As a secondo after the primo of gnocchi al gorgonzola, we had another favorite: rack of lamb! The Dutch lamb from my local butcher is still very tender even though it’s almost December.
Ingredients for 2 servings
1 rack of lamb with 6-8 ribs
3 sprigs rosemay
salt, freshly ground black pepper
75 ml (1/3 cup) red wine
75 ml (1/3 cup) lamb stock
Preheat water bath to 54.5C/130F.
Rub the rack of lamb with salt, freshly ground black pepper and some olive oil and seal in a bag with the rosemary sprigs (one on each side). Cook in the water bath for 2-4 hours.
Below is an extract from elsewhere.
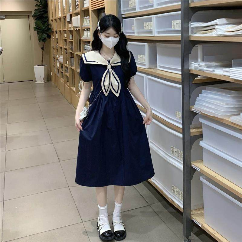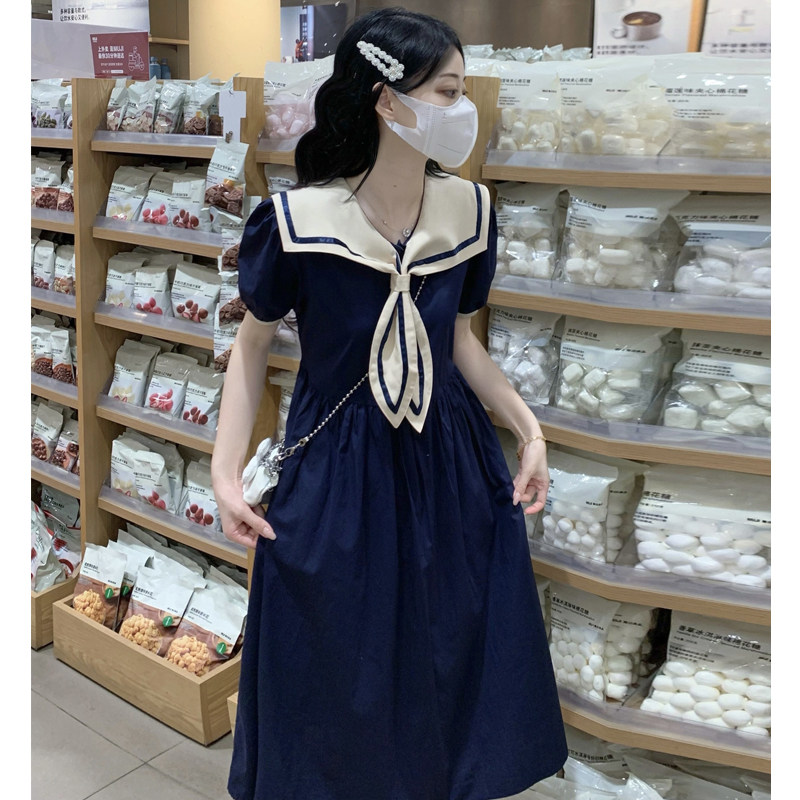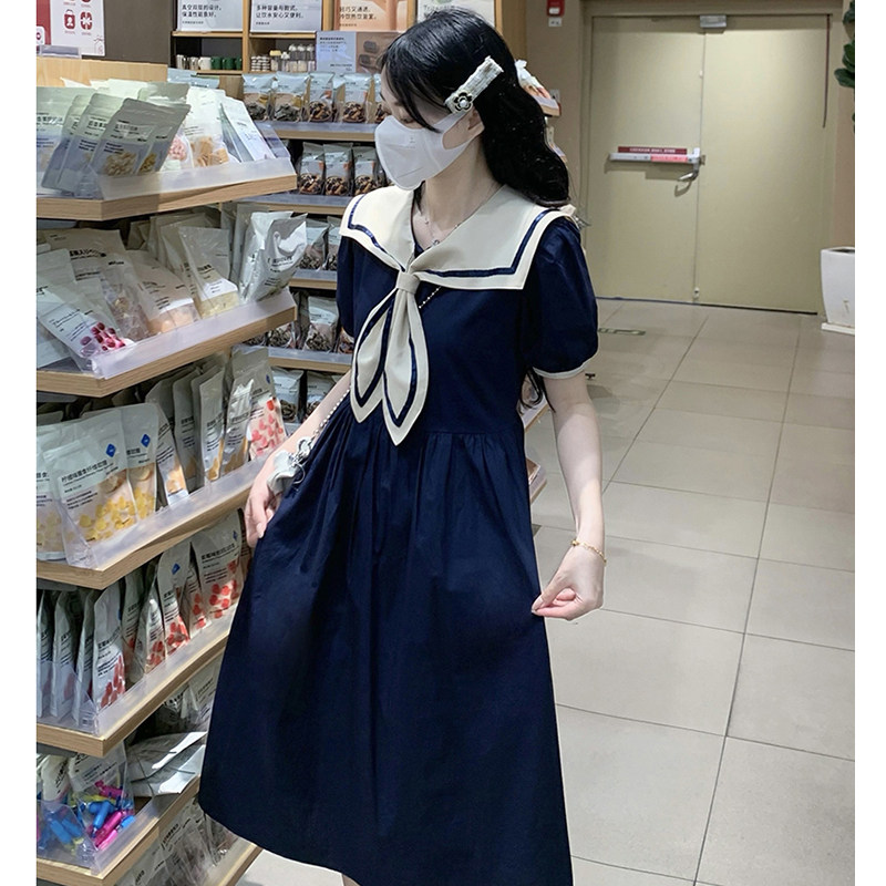 少女学院风海军领撞色连衣裙2025夏装新款初高中学生收腰显瘦裙子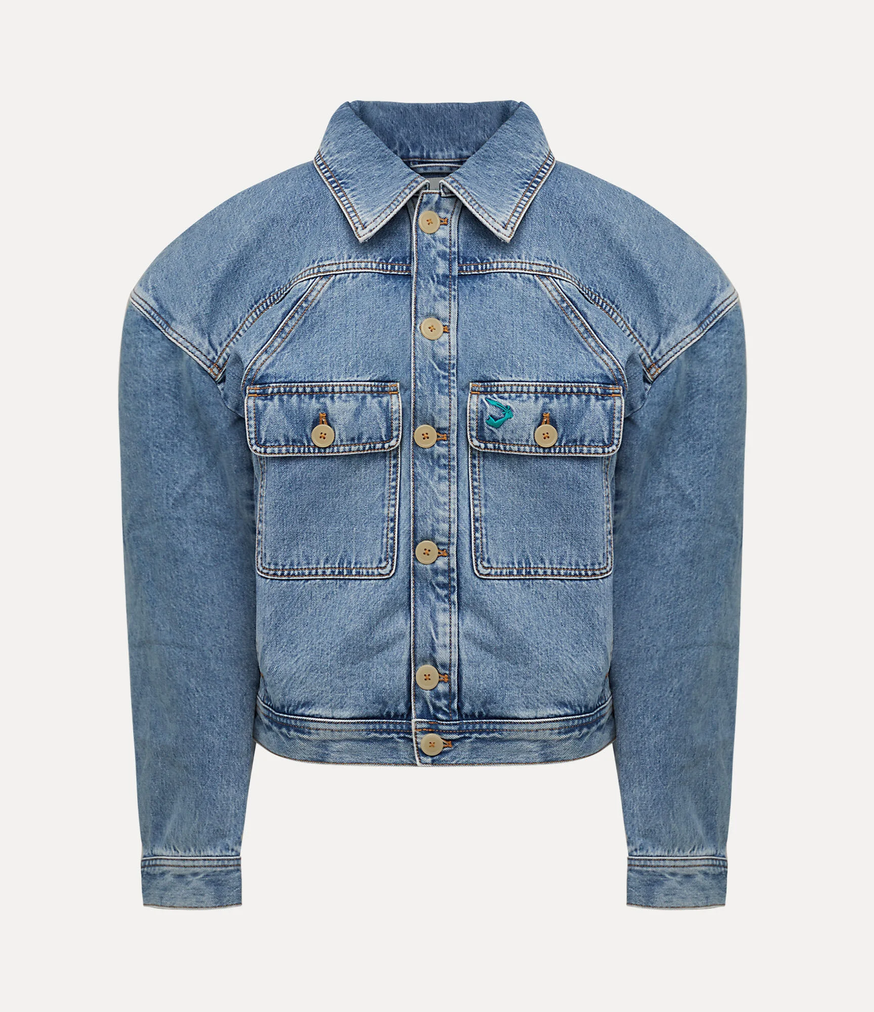 Our World's End Denim Boxer jacket features an athletic-inspired silhouette with oversized pockets and lowered shoulder seams. The back of the design is printed with the house's archival 'Who the Fuck Needs Art' slogan from Vivienne Westwood's Spring-Summer 2006 'Propaganda' Collection, reflecting her punk roots and commitment to challenging political conventions. Code: 3901000G-W010C--BLUE - Features dropped shoulders - Fits true to size - Classic collar - Orb-embossed buttons - Buttoned cuffs - Long sleeves - Straight hem - Wait adjusters COMPOSITION - 100% Cotton

Take the rack of lamb out of the bag, discard rosemary. Sear the rack of lamb in a large frying pan on medium-high to high heat without added fat; fat side first to render enough fat to sear the other sides. Remove the rack of lamb when all sides have been seared (1-2 minutes per side, slightly longer on the fat side).
Deglaze the hot pan with the red wine and the lamb stock, stir and cook over medium-high heat until the sauce has thickened somewhat.
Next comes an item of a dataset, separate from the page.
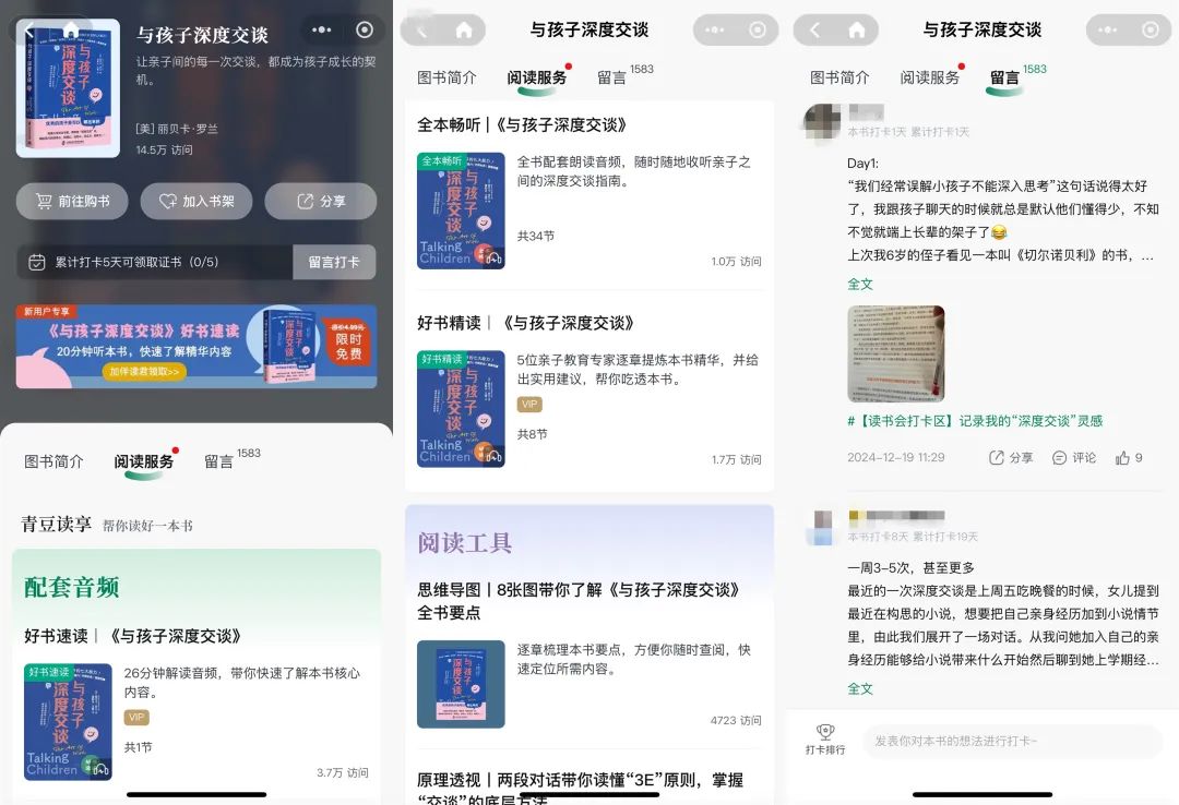當(dāng)用戶對我們的品牌和內(nèi)容有了信任度和認(rèn)知之后,自然會形成口碑“自傳播”。如今,在微信生態(tài)中,青豆的私域建設(shè)已初具成效:截至2024年年底,以“青豆讀享”微信小程序?yàn)槭?,已累積用戶72萬+;微信公眾號累積用戶近50萬+(包括“青豆讀享”微信服務(wù)號36萬+,“青豆書坊”微信訂閱號13萬+);企業(yè)微信累計(jì)好友數(shù)11.7萬;微信社群150+個,累積用戶2萬+人。

Cut the rack of lamb into individual cutlets and serve on hot plates with the sauce and a side of vegetables such as beetroot or baked cauliflower.
Wine suggestion: red burgundy or other pinot noir, preferably slightly oaked.
We had a 2008 Henri Bourgeois Sancerre Rouge Les Baronnes with it, which was good but unoaked and therefore slightly on the fresh side for the lamb.